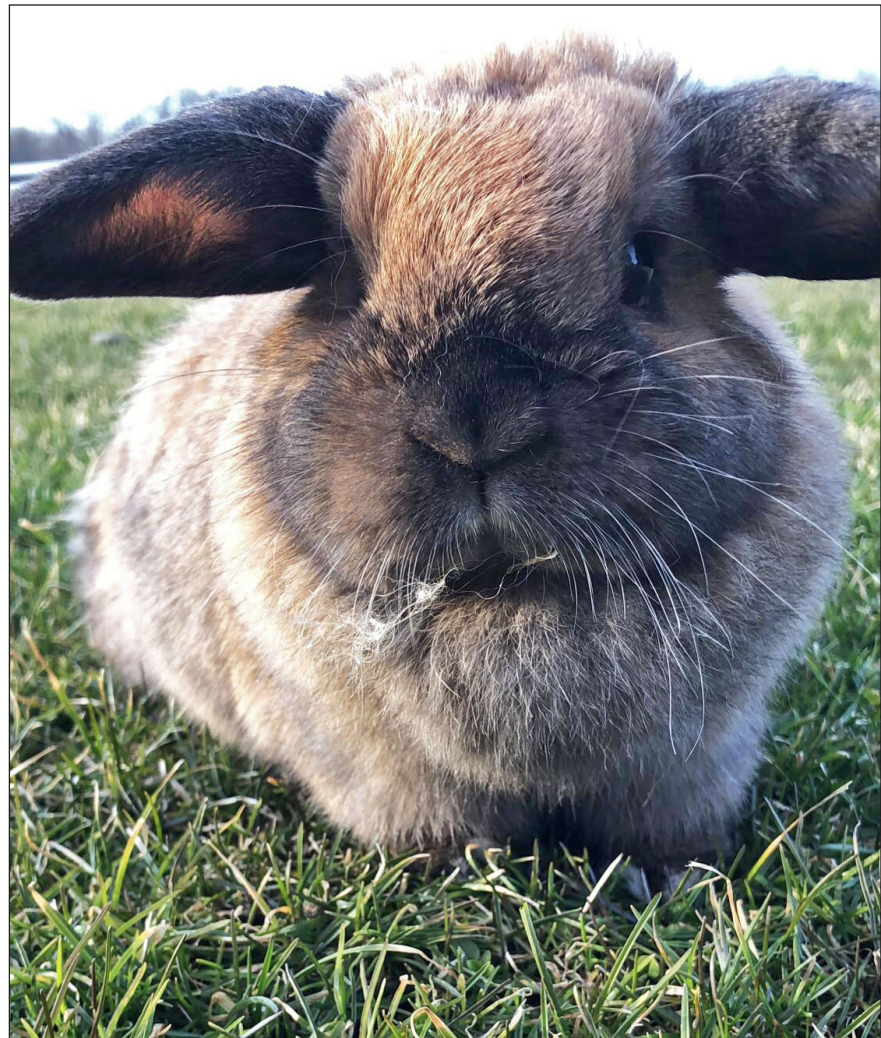
Pictured: Thumper the Easter Bunny
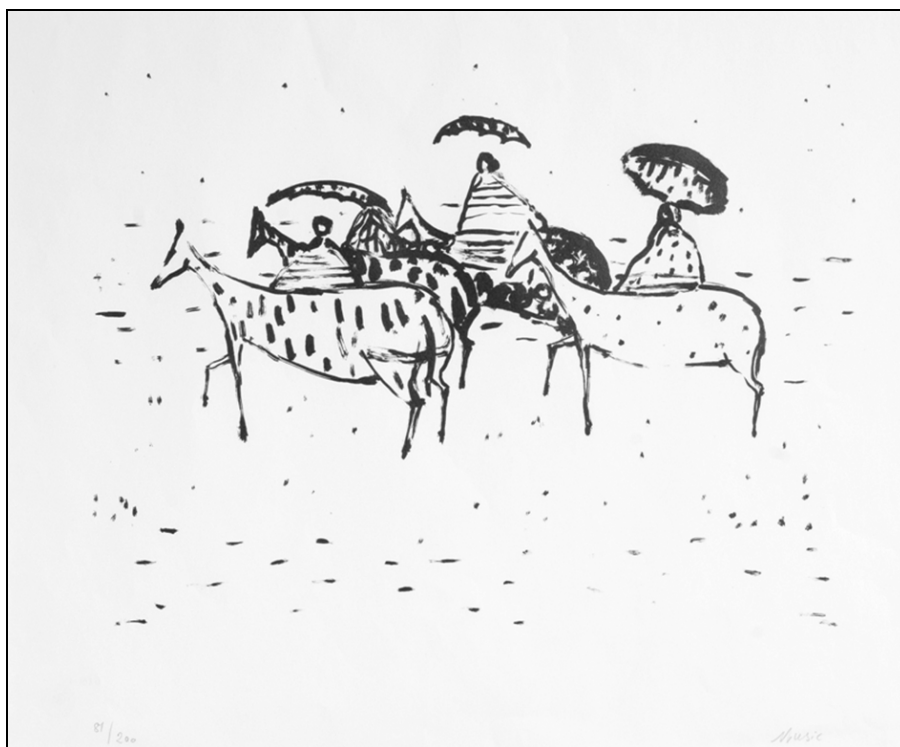
Fig. 4: Zoran Mušič, Small horses , 1949 (Regional Museum "Goriški muzej Kromberk – Nova Gorica"). Sl. 4: Zoran Mušič, Konjički , 1949 (Goriški muzej Kromberk – Nova Gorica).

years after 1950 the painter combined painting and graphic procedures into his new painting technique. He went beyond the classical separation of techniques, upgrading it into a new artistic creation by combining a wooden matrix as one phase in the process with other materials, such as ground Karstic limestone added to oil paints, as well as with sand and wood. Nevertheless, Spacal remains a great master of wood engraving at a time when most Slovenian artists of the so-called 'Ljubljana school of graphic art' followed masters from Paris. He opted for wood engraving technique which came to Trieste from Central Europe. One of the artists who brought the technique to Slovenia was also the avant-gardist August Černigoj. Spacal tried different art techniques, such as wall painting, mosaic, three-dimensional art objects, painted 'sculptures' which are in fact paintings rather than sculptures, but the greatest part of his opus consists of woodcuts. In spite of such rich range of the techniques he expressed himself in, Lojze Spacal remains known as a graphic artist adding haptic effects to his visual creations.

Directions for this task:
Go through the listing above and retype each line exactly, apart from the pictures.

Reply to the exercise:
Pictured: Thumper the Easter Bunny
Fig. 4: Zoran Mušič, Small horses , 1949 (Regional Museum "Goriški muzej Kromberk – Nova Gorica"). Sl. 4: Zoran Mušič, Konjički , 1949 (Goriški muzej Kromberk – Nova Gorica).

years after 1950 the painter combined painting and graphic procedures into his new painting technique. He went beyond the classical separation of techniques, upgrading it into a new artistic creation by combining a wooden matrix as one phase in the process with other materials, such as ground Karstic limestone added to oil paints, as well as with sand and wood. Nevertheless, Spacal remains a great master of wood engraving at a time when most Slovenian artists of the so-called 'Ljubljana school of graphic art' followed masters from Paris. He opted for wood engraving technique which came to Trieste from Central Europe. One of the artists who brought the technique to Slovenia was also the avant-gardist August Černigoj. Spacal tried different art techniques, such as wall painting, mosaic, three-dimensional art objects, painted 'sculptures' which are in fact paintings rather than sculptures, but the greatest part of his opus consists of woodcuts. In spite of such rich range of the techniques he expressed himself in, Lojze Spacal remains known as a graphic artist adding haptic effects to his visual creations.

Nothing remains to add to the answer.